# Flow #5: Testing Graph Neural Simulators

**Pedro Ferro Pereira**Main author

**David Carvalho**Co-author | Editor

**Ivan Pombo**Reviewer

**Fábio Cruz**Technical Reviewer

Quoting Etta James:

At Last!

In the previous posts of the *Flow* series, we outlined how a Deep Learning model can be built to learn fluid dynamics in simple (yet rich) physical scenarios.

In this post, it’s time to understand how the Encoder-Processor-Decoder (E-P-D) model introduced in the previous post fits in the simulation world. More importantly, we will see how a Graph Neural Simulator (GNS) relying on this model fares in comparison to unseen situations.

So, let’s flow!

# Flow #5:

Testing Graph Neural Simulators

To put our DL simulator to the test, we will focus on three different experiments:

- Train a model which can replicate the simulation dynamics of a
**single**instance of*the water cube*scenario. - Train a model on a dataset composed of
*several*instances of the water cube scenario to**generalise**to new, unseen, instances. - Use the best model found from the latter experiment to simulate instances from a
**different**scenario:*the dam break*.

## The water cube

scenario

The go-to scenario we will simulate first is the *water cube scenario*:

Video 1: Dynamics of a water cube scenario, simulated with \(5290\) SPH particles. Here, the block is left to fall with gravity - *splash!* Credits: Pedro Pereira / Inductiva

In this scenario, a cubic block of water with given *dimensions* is **dropped** inside a unit cube tank at an *initial position* and with an *initial velocity*. The block then moves exclusively under the effect of gravity — first by splashing onto the walls and floor and then by eventually halting at the bottom of the tank.

This scenario is simple and intuitive enough to model. More importantly, it still involves enough complexity for the DL model to learn with a handful of free parameters.

## Embracing

a single simulation

This first experiment is done before committing to a full-scale machine learning experiment — with train, validation and test sets — let us focus on *debugging* the proposed model.

We train the model to **overfit** a single simulation. We run a single simulation with SPH. We randomly initialize the initial position, initial velocity and cube dimensions. Then, we run the simulation throughout \(N_t = 496\) timeframes.
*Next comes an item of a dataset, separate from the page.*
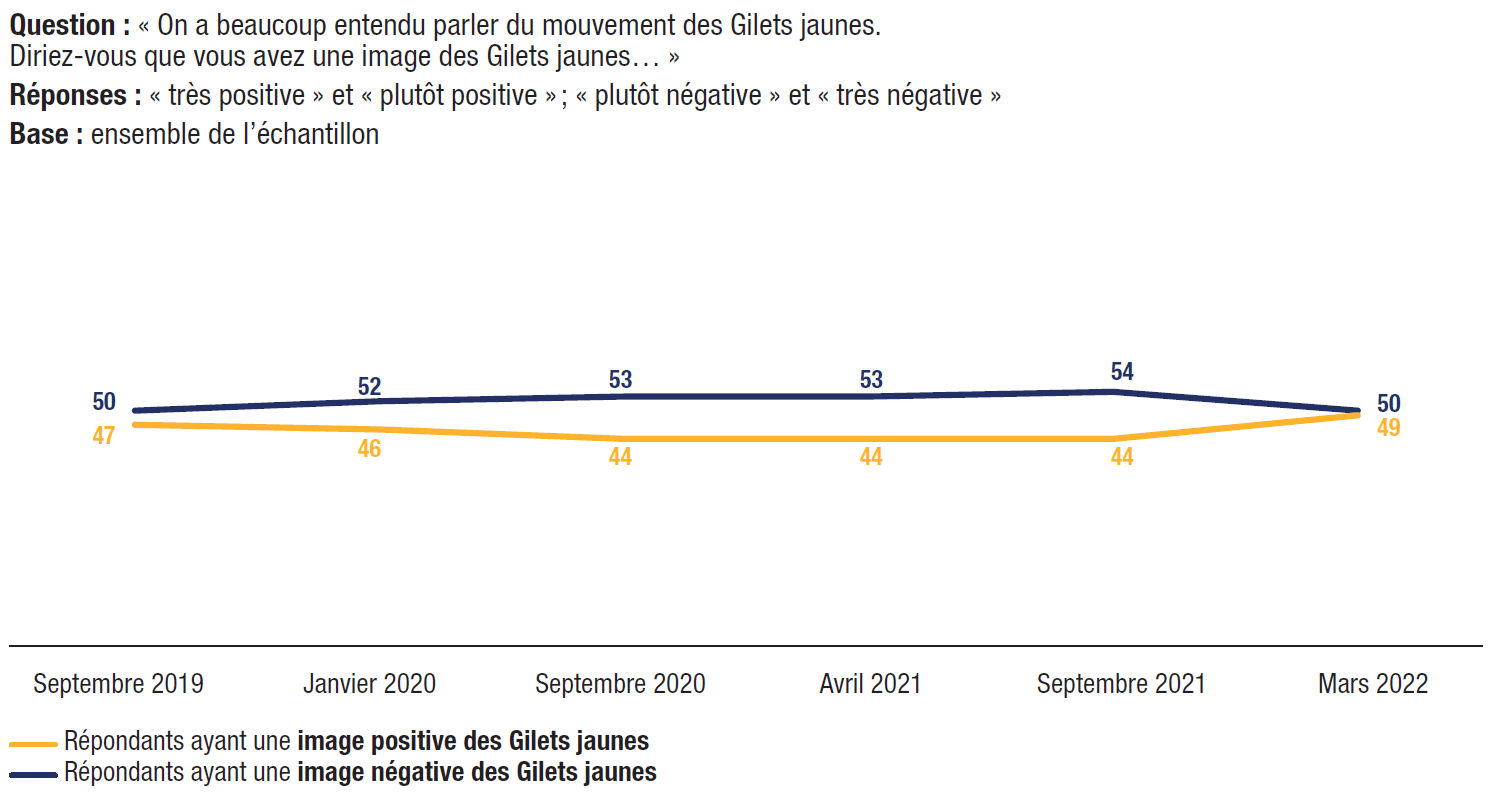 30. 49% des électeurs disent avoir une image positive des Gilets jaunes, un record depuis 2019. Par ailleurs, 30% des électeurs gardent une image positive des antivax, soit 3 points de plus qu’en septembre 2021 (27%), et 37% ont une image positive des anti-passe vaccinal.

The goal is for the model to *replicate* this simulated data! If it does not achieve it, generalising the model may be a doomed task from the get-go!

### Message-passing

(how many times?)

For the model to learn the dynamics, the timeframe graphs \(\mathcal{G}^t\) need to be input.
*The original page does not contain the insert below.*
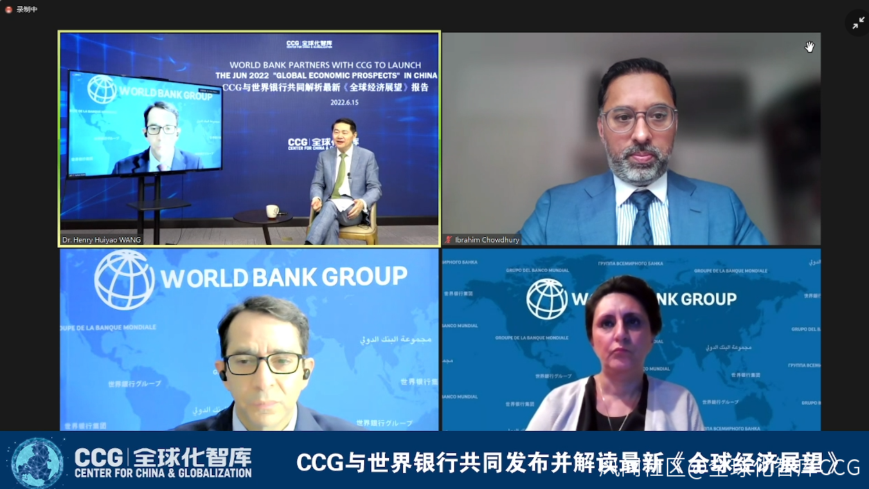 2022年6月15日,全球化智庫(CCG)與世界銀行聯合舉辦發佈研討會。全球化智庫(CCG)主任王輝耀、世界銀行預測局局長兼首席經濟學家阿伊汗·高斯(Ayhan Kose),世界銀行中國局高級經濟學家喬伊布(Ibrahim Chowdhury),世界銀行預測局高級經濟學家葉卡捷琳娜·瓦沙克馬澤(Ekaterine Vashakmadze)一起解讀世行最新發布的《全球經濟展望》,共同探討各國該如何應對當前的經濟形勢。這是世界銀行在美國總部以外唯一國外國家對外發布《世界經濟展望》並予以詳細解讀。
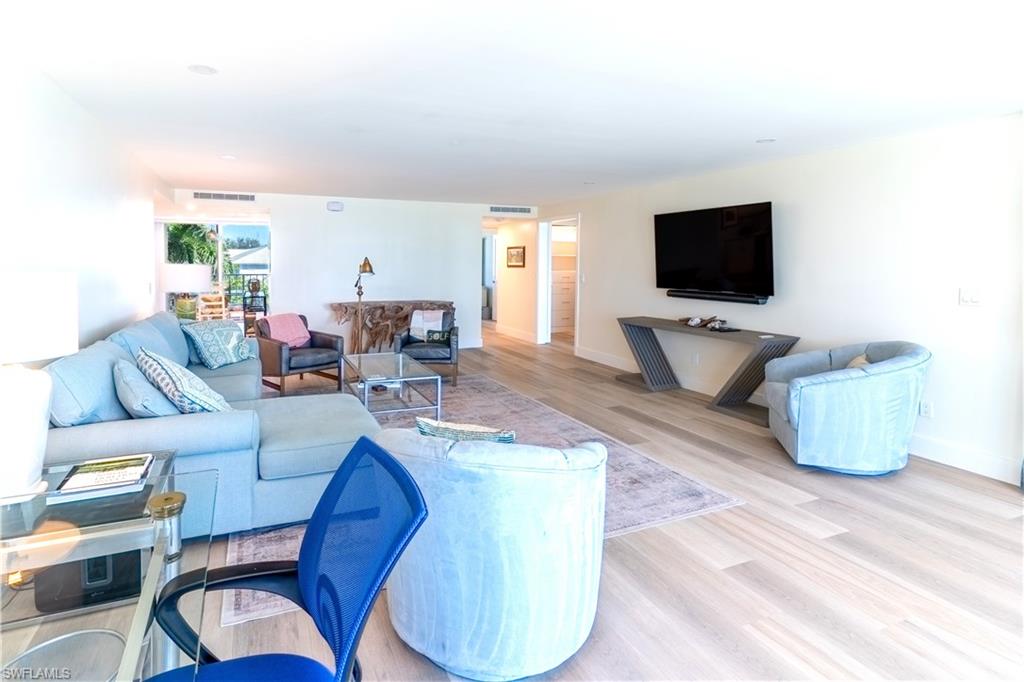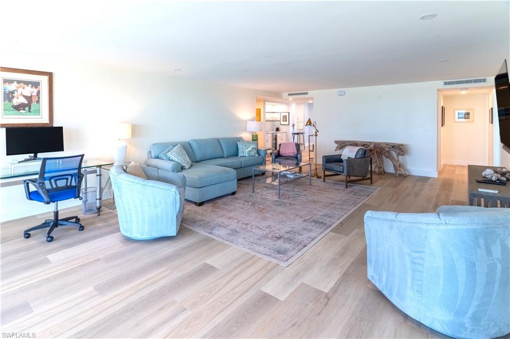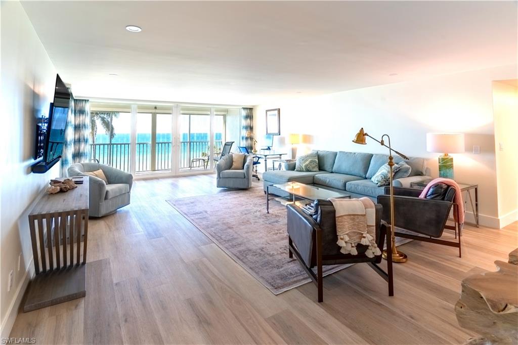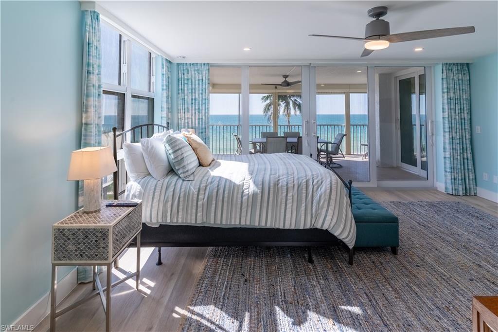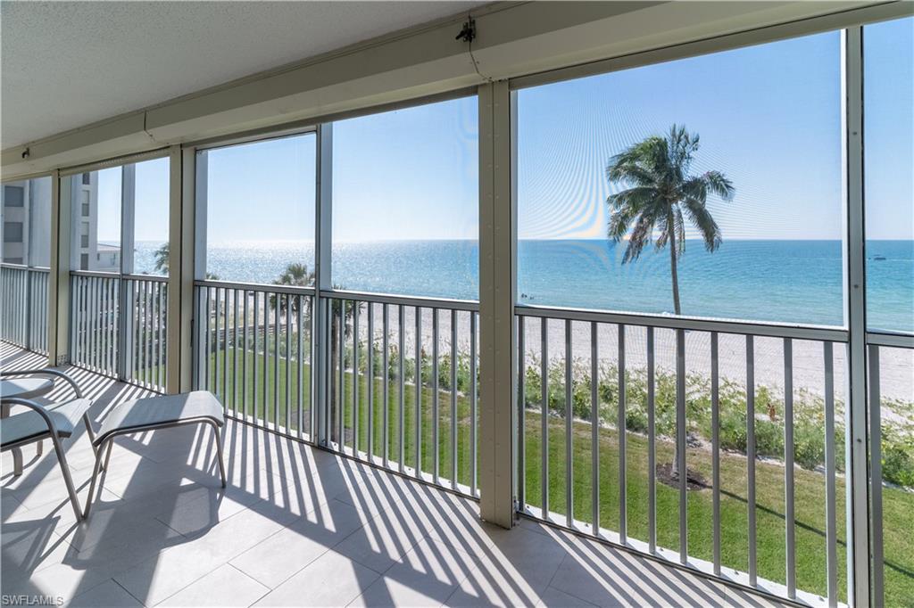Experience the rare privilege of direct beachfront living on Vanderbilt Beach in this expansive 3-bedroom, 2-bath corner residenceu2014perfectly positioned on one of the most tranquil and private stretches of shoreline. Oriented southwest to capture sweeping Gulf and Bay vistas, this nearly 2,500 sq. ft. residence brings the outdoors in with floor-to-ceiling impact glass (installed 2023) and multiple balconies designed for seamless indoor-outdoor living. Remodeled in 2021, this stunning coastal home captures the sunshine, sand, and sea with exceptional harmony. Sunset skies pour into the oversized great room and primary suiteu2014both facing the Gulfu2014with a wall of sliding glass that frames the horizon like art. From dawn to dusk, natural light fills the home, while additional eastern exposure offers a striking perspective over the Vanderbilt Channel. This open and airy layout is offered turnkey furnished, complete with a separate cabana with a Gulf view (an extremely rare feature), deeded with the property, and a designated storage unitu2014valuable conveniences for beachfront ownership. Vanderbilt Shores, a gated community, recently completed renovations to both the Barcelona and Seville lobbies, delivering an elevated transformation and a fresh, modern coastal luxury aesthetic. Located just one mile from LaPlaya Beach & Golf Resort, The Turtle Club, and The Ritz-Carlton, and minutes from Mercato where world-class dining and shopping await. A genuine one-of-a-kind Gulf-front offeringu2014where the sound of waves, endless sunsets, privacy, and sophistication come together to create a lifestyle that is truly paradise.

Recall that the *processor* in our *E-P-D* DL model is a stack of \(M\) message-passing blocks that aggregate features coming from neighbouring nodes. Hence, in terms of performance, we expect that the more the merrier.

Well, let’s see how the model performs for different numbers of layers \(M\).

As a metric, we apply the mean average error (MAE) between the ground truth, the simulated acceleration \(\mathbf{a}^t\), and the model prediction \(\bar{\mathbf{a}}\). The MAE is the average over all timeframes, particles and acceleration components. Indeed, it shows an interesting behaviour:

Fig. 1: Effect of the number of message-passing steps on the model performance. A trained MLP with the same number of parameters as the model with \(M=10\) is used as a benchmark. Credits: Pedro Pereira / Inductiva

As expected, **increasing** the number of message-passing steps reduces the error **substantially**.
Looking at Fig. 1 we see that adding a single layer from \(M=1\) reduces the error by 66%!
Eventually, this behaviour *saturates* whenever feature information is given enough steps to cycle through the entire graph.

Let us be *cautious* though. The decrease in error for larger \(M\) may be due to more parameters present in the model and **not** due to this architecture feature.

To check this, we have also trained a multi-layer perceptron (MLP) with 2 hidden layers and 540 neurons per layer (virtually the same amount of parameters as the model with \(M=10\)) to serve as a *benchmark*.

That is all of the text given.